Thank you, everyone, for all your kind words and support. They really do make me feel better.


----------



## veggiegirl (Nov 20, 2012)

Glad to hear that you are feeling a bit better it is always hard to lose a fishy friend. Thought I would mention that I think the betta in your avatar is truly amazing!!!!!!!!!!!! Soooooo gorgeous. Reminds me of a dalmatian techno colour!


----------



## Fenghuang (Dec 28, 2012)

I feel low and guilty and for a couple of hours, numb, but life goes on... He was a neurotic tail biter, so I would like to think he is finally at peace now.
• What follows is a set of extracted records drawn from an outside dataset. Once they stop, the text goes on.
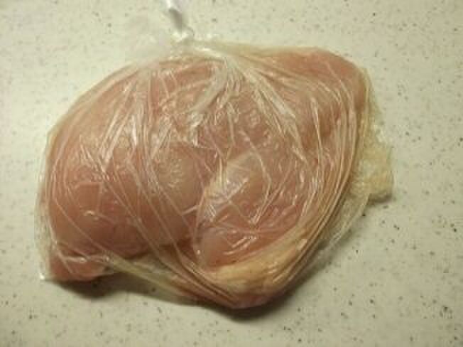 お湯に鶏肉を浸ける前に、室温に戻すことで、生煮えを防ぎます。
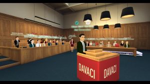 Kurgusal dava günü, davalı ve davacı takımlar sanal duruşma salonunda bir araya geldi. Öğrencilerin, jüri üyelerinin, gözlemcilerin ve seyircilerin kendilerini bir avatar ile temsil ettiği duruşmalar ile gerçek bir davaya en yakın kurgusal duruşma ortamı oluşturuldu.
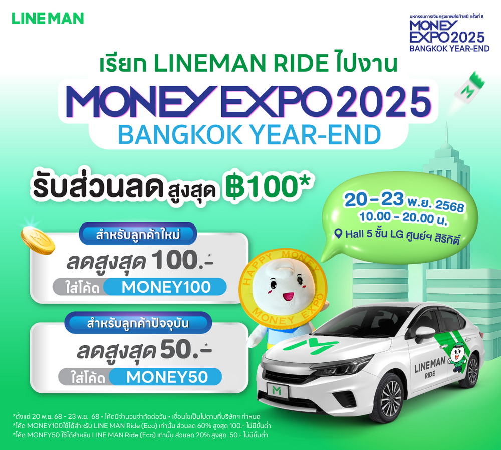 • ลูกค้าใหม่ / ใช้ LINE MAN ECO ครั้งแรก ลด 60% สูงสุด 100 บาท ใส่โค้ด MONEYEXPO100
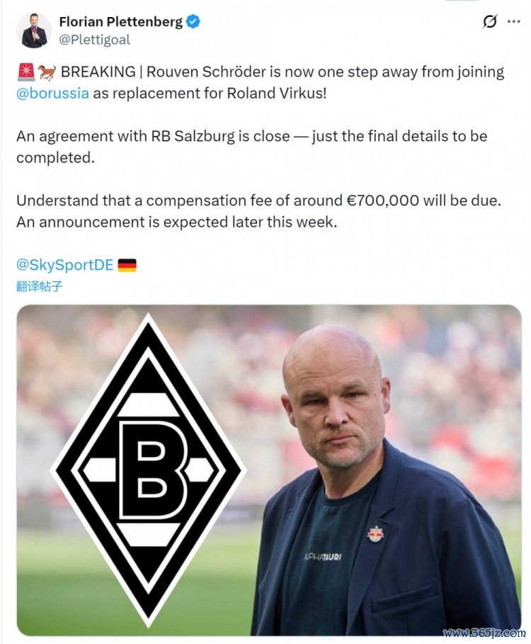媒体指出,门兴成心遴聘萨尔茨堡总监施罗德,让其成为俱乐部的新任总监,以替代离任的维尔库斯,门兴接近与萨尔茨堡罢了左券,只剩临了细节有待敲定,抵偿金约为70万欧,瞻望本周晚些本领官宣。

I have no little what Vasuki is. I think he's a Dalmatian, but his fins randomly have stripes and spots come and go. He also shines green depending on the lighting. I need to get some more recent pics of him; these are pretty much him, but his dorsal and anal fins have some red and dark purple highlights now (sorry if you seen them already, I spam my boys' pics constantly):


----------



## Agility4fun (Nov 16, 2012)

So sorry. I share your sadness, it happened to one of mine.


----------



## veggiegirl (Nov 20, 2012)

He is ever so lovely, I would love to own a betta his colour! How many bettas do you have in total?


----------



## Fenghuang (Dec 28, 2012)

Six now. I have that dalmation boy, two male CTs (one pink and blue, one I can't really describe), a male copper DTHM, a male blue butterfly DT, and a pink and blue VT female. I only have two living with me here in New Jersey though.


----------



## veggiegirl (Nov 20, 2012)

Oh they all sound lovely I think the one in your avatar is really unique but the others sound really beautiful as well


----------



## Skyewillow (Dec 28, 2012)

All of Feng's bettas are stunning and spoiled! ^_^

-hug- glad you're feeling better, Fenghuang!


----------



## Tabbie82 (Jan 24, 2013)

So sorry about Asriel. He was a beauty. SIP.


----------



## Fenghuang (Dec 28, 2012)

Skyewillow said:


> All of Feng's bettas are stunning and spoiled! ^_^
> 
> -hug- glad you're feeling better, Fenghuang!


I try... To spoil them, that is.

*hugs everyone*


----------



## Skyewillow (Dec 28, 2012)

-big hugs-


----------



## BeautifulBetta123 (Aug 27, 2012)

He as so gorgeous sip little guy.


----------



## SharkyTheBetta (Dec 29, 2012)

So sorry...  SIP Asriel (


----------



## Fenghuang (Dec 28, 2012)

Not a betta, but I returned from school today to find one of my feeder goldfish rescues laying on his side. I brought him home with a four others about two weeks ago so my dad's tank wouldn't look so empty anymore. He was the smallest one, skinny and a bit banged up, but had quite the personality and won my heart. I thought I would let him die naturally and left him in the tank, but when I went back to check on him, he had floated to the surface and part of him had been eaten away. I could see inside him. He was still breathing and moved his fins a little in an attempt to swim. I took him out and placed him in a smaller container of water and waited, but he wouldn't go. I didn't want him to be pain any longer, so I decided to euthanize. He went quickly. I buried him in the garden among many other lost friends. Swim in peace, little guy. Many would think that you were just a feeder, but not to me.

The only pictures I have of him. He is the little speckled one.


----------



## Skyewillow (Dec 28, 2012)

I'm sorry for your loss... it's just bad luck. :-( -hugs-


----------



## Syriiven (Aug 15, 2012)

Oh...I'm so sorry, Feng...he was such a dashing male! Hope he finds peace in that great rainbow!


----------



## konstargirl (Mar 9, 2010)

I'm sorry about your fishys


----------



## Fenghuang (Dec 28, 2012)

Thank you, you guys have been wonderful.


----------



## belleangel33 (Apr 1, 2013)

Soo sorry for your loss! =...(


----------



## Indigo Betta (Sep 27, 2012)

so sorry for your loss its always a very hard time when you lose pets,, i know how you are feeling i just lost my rescue guppy this morning, 

SIP Pretty Goldfish.


----------